Assignment — Every record below is to be copied exactly, with its images omitted.

================================

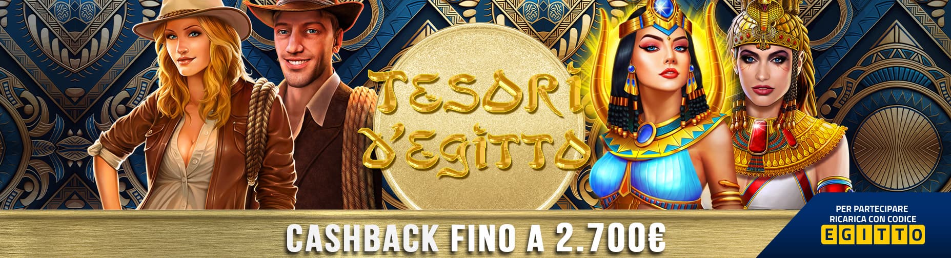 - Per partecipare alla presente iniziativa promozionale e ricevere il cashback sugli importi giocati e sugli importi eventualmente persi, come specificato nella tabella presente su questa pagina, è necessario ricaricare con codice promozionale EGITTO e giocare alle slot partecipanti entro la fine della promozione.
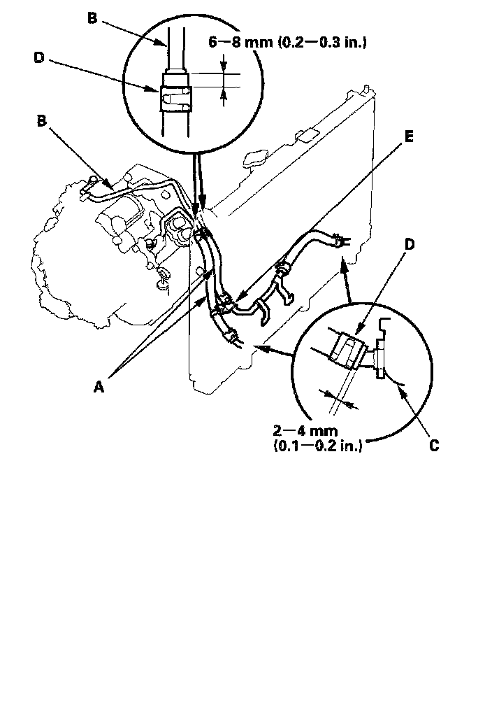Connect the cooler hoses (A) to the lines (B) and the ATF cooler (C), and secure them with the clips (D).
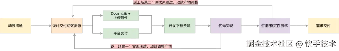 分析以往的动效资源交付流程,动效资源的交付严重依赖于设计师通过 Docs 文档记录和附件上传,更新则完全依靠人工同步,缺乏系统化的流程和质量管控。由于动效资源问题的解决往往需要对比较多资源,许多问题场景需要反复与设计师沟通,导致资源交付流程循环往复,极易影响项目的整体交付进度。
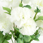 Leaf Design Product. White artificial carnation stem. Can be used to make arrangements with our other artificial flowers or as decorations on their own. Each stem measures 70cm overall height x 15cm wide and has four flowers. Flowers are silk. These are easy to cut down shorter using a pair of wire cutters if required. Some of our photos show vases to give an idea of size and possibilities for arrangement but no vases or planters are included with these flowers.
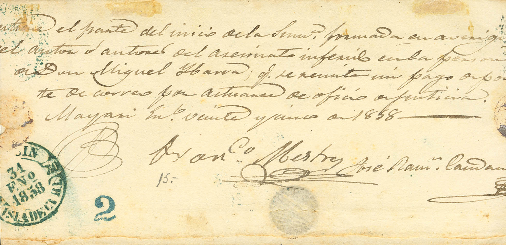 1858. MAYARI a HOLGUIN. Baeza MAYARI / ISLA DE CUBA, en azul. MAGNIFICA Y RARA.
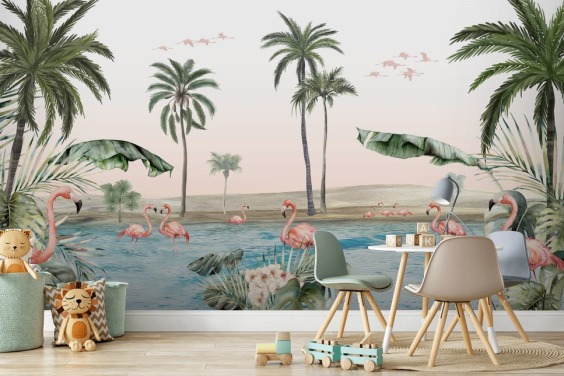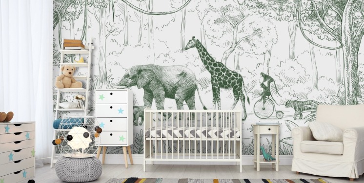 mural de papel de parede verde para crianças chamado Green Joyful Jungle de Kikki Belle para quartos infantis
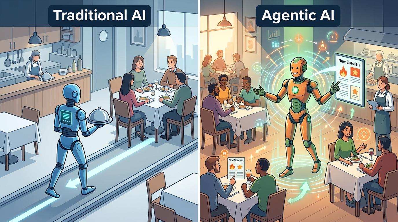 你可以把传统AI想象成餐厅里的传菜员——只会按指令把菜送到指定桌位,不会主动帮客人添水或推荐菜品。但自主行动型AI(Agentic AI)是有决策权的餐厅经理:接到“提升顾客满意度”的目标后,它会自主观察客流、调整上菜速度、培训服务员,甚至临时推出优惠活动。
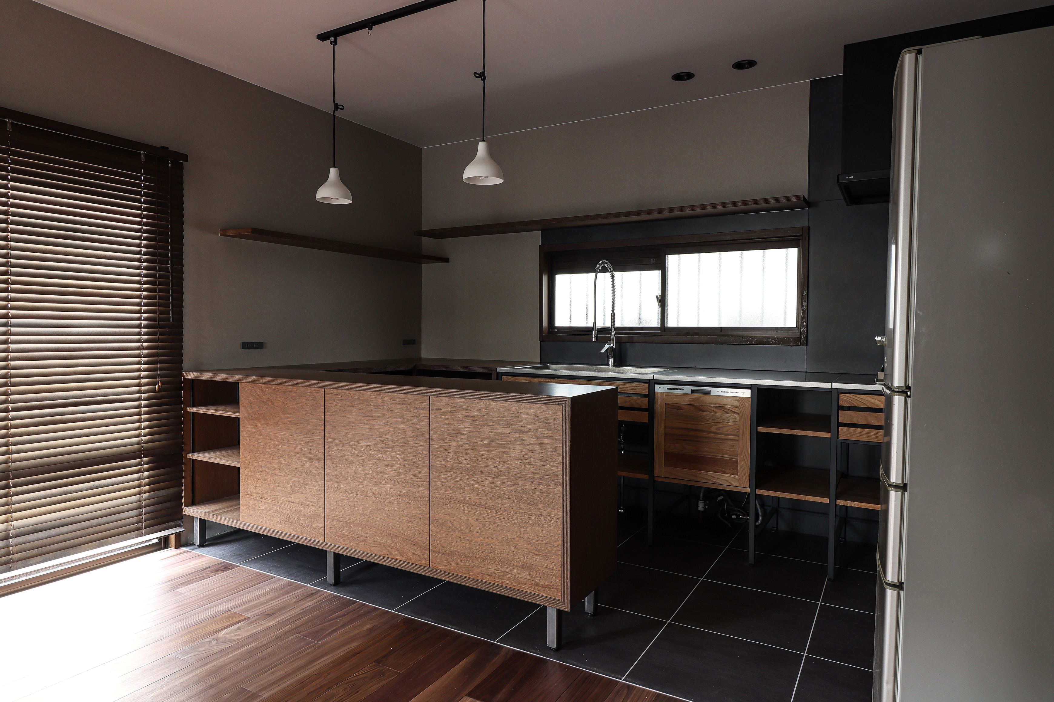 また、カウンターをリビングのフローリングの色に合わせて塗装することで、視覚的な広さを持たせながら、空間の統一感も大切にしています。

================================

Response to this task —
 - Per partecipare alla presente iniziativa promozionale e ricevere il cashback sugli importi giocati e sugli importi eventualmente persi, come specificato nella tabella presente su questa pagina, è necessario ricaricare con codice promozionale EGITTO e giocare alle slot partecipanti entro la fine della promozione.
Connect the cooler hoses (A) to the lines (B) and the ATF cooler (C), and secure them with the clips (D).
 分析以往的动效资源交付流程,动效资源的交付严重依赖于设计师通过 Docs 文档记录和附件上传,更新则完全依靠人工同步,缺乏系统化的流程和质量管控。由于动效资源问题的解决往往需要对比较多资源,许多问题场景需要反复与设计师沟通,导致资源交付流程循环往复,极易影响项目的整体交付进度。
 Leaf Design Product. White artificial carnation stem. Can be used to make arrangements with our other artificial flowers or as decorations on their own. Each stem measures 70cm overall height x 15cm wide and has four flowers. Flowers are silk. These are easy to cut down shorter using a pair of wire cutters if required. Some of our photos show vases to give an idea of size and possibilities for arrangement but no vases or planters are included with these flowers.
 1858. MAYARI a HOLGUIN. Baeza MAYARI / ISLA DE CUBA, en azul. MAGNIFICA Y RARA.
 mural de papel de parede verde para crianças chamado Green Joyful Jungle de Kikki Belle para quartos infantis
 你可以把传统AI想象成餐厅里的传菜员——只会按指令把菜送到指定桌位,不会主动帮客人添水或推荐菜品。但自主行动型AI(Agentic AI)是有决策权的餐厅经理:接到“提升顾客满意度”的目标后,它会自主观察客流、调整上菜速度、培训服务员,甚至临时推出优惠活动。
 また、カウンターをリビングのフローリングの色に合わせて塗装することで、視覚的な広さを持たせながら、空間の統一感も大切にしています。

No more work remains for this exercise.